FBR faces Rs118 bn shortfall in tax collection till Dec 2019
The FBR’s annual target was envisaged at Rs5,503 billion that was revised downward to Rs5,238 billion.
ISLAMABAD: Despite making downward revision in annual tax collection target, the FBR has faced revenue shortfall of Rs118 billion in achieving the revised target of Rs2,198 billion for the first half (July-Dec) period of the current fiscal year.
The FBR’s annual target was envisaged at Rs5,503 billion that was revised downward to Rs5,238 billion. So the annual target was slashed down by Rs265 billion with the permission of IMF. It also resulted in slashing down the FBR target forthe first half (July-Dec) period of the current fiscal year to Rs2,198 billion. The FBR has collected Rs2,080 billion against the envisaged target of Rs2,198 billion, witnessing a shortfall of Rs118 billion.
The FBR has once again extended the date of filing of tax returns up to January 31, 2020. The FBR has so far received around 2,150,000 tax returns in the current fiscal while it received returns of 1,560,000 in the last financial year. In totality, the FBR had received around 2.7 million returns last year, so the date of filing has been extended to cross this target till January 31, 2020.
However, FBR Chairman Shabbar Zaidi in his tweet on Tuesday night stated “Alhumdulillah FBR has collected Rs2,080 billion by this time for the half year ended December 31, 2019. This is higher by 16 percent over the last year for the same period”.

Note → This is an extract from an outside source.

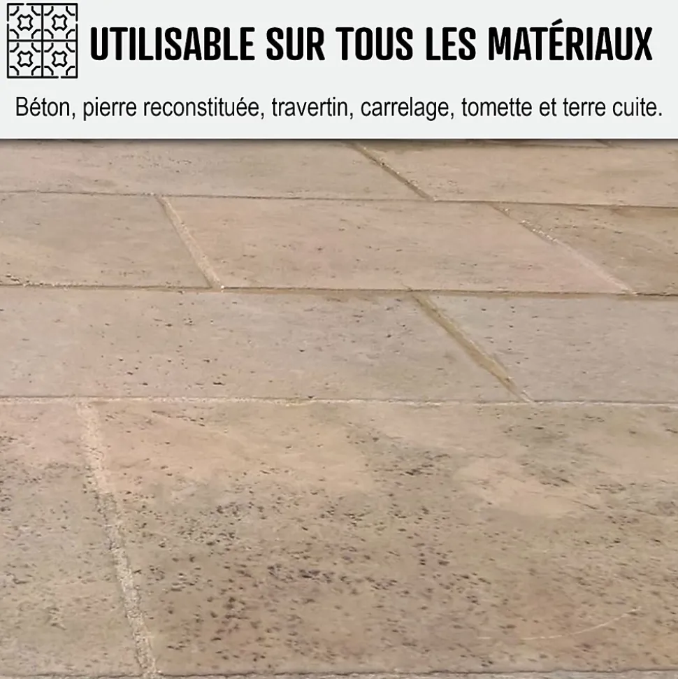 Nettoyant spécial pour sol de terrasse à action ultra rapide. Action curative et immédiate sur les algues et lichens. Nettoie, désincruste et décontamine. Application par pulvérisation. Pour les terrasses en pierre, béton, tomette, carrelage, travertin, terre cuite.CONSOMMATION1 L traitera :4 à 6 m² de surface si le produit est utilisé pur pour un support très encrassé.8 à 12 m² de surface si le produit est utilisé à 50% de dilution pour un support moyennement encrassé.16 à 24 m² de surface si le produit est utilisé à 25% de dilution pour un support peu encrassé.Application : En tant que fabricant Français, nous mettons à disposition un document PDF disponible en bas de page vous indiquant les informations produits ainsi que les consignes d’application.La plateforme ne permet pas encore le regroupement des différents modèles. Pour voir toutes les contenances et toutes les couleurs, tapez ou copier-coller les termes suivants dans la barre de recherche : Nettoyant terrasse professionnel rapide pavé autobloquant pierre béton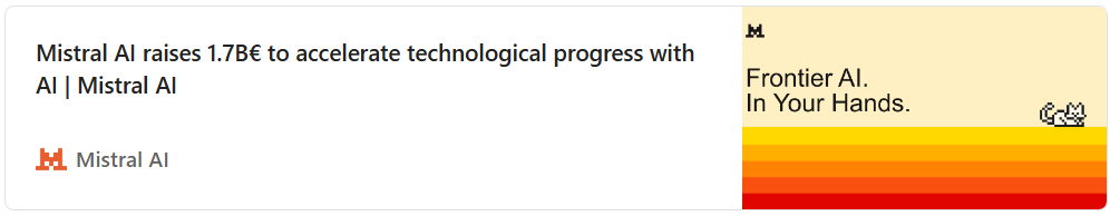 European AI company Mistral AI received a €1.7 billion investment from ASML, the European manufacturer of semiconductor production equipment.

The FBR did not explain that under the IMF arrangement, the desired revised tax collection target for the first half stood at Rs2,198 billion but the FBR managed to collect Rs2,080 billion, witnessing a shortfall of Rs118 billion.
The FBR so far collected Rs2,080 billion in the July-Dec period of 2019-20 against collection of Rs1,779 billion in the same period of the last financial year. It indicates that the FBR had collected Rs301 billion more in the first six months of the current fiscal year. In December 2019, the FBR was assigned to collect Rs581 billion but the Board fetched Rs463 billion so the shortfall stood at Rs118 billion.
The FBR had collected Rs1,617 billion in first five months (July-Nov) period of the current fiscal year against initially envisaged target of Rs1,828.4 billion in accordance with the annual target of Rs5,503 billion. When the annual target was slashed the end December target was also revised downward so the FBR was assigned to touch collection figure of Rs2,198 billion till December 31, 2019. Now the FBR will have to collect Rs3,158 billion in the second half (Jan-June) period of FY2020 in order to materialise the desired revised target of Rs5,238 billion till June 30, 2020.
At the existing pace, the FBR could go up to Rs4.5 trillion or Rs4.6 trillion maximum, so the FBR will have to adopt innovative approach to materialise its revised target. In the first quarter of the current fiscal year, the non-tax revenue target has helped the FBR to get smooth sailing but the poor performance of FBR will continue haunting the overall fiscal performance under the IMF arrangement on quarterly basis.
On the other hand, the FBR launched its campaign to seal those premises of tier-1 retailers, restaurants in federal capital that were not willing to install Point of Sale at their premises. The FBR team raided a posh area of Islamabad at Kohsar market and directed renowned restaurants to install POS or their premises would be sealed. This operation continued for hours during which three renowned places were sealed while those were facilitated where they showed willingness to install software Point of Sale for connecting their sale receipt with the system attached with the FBR electronically.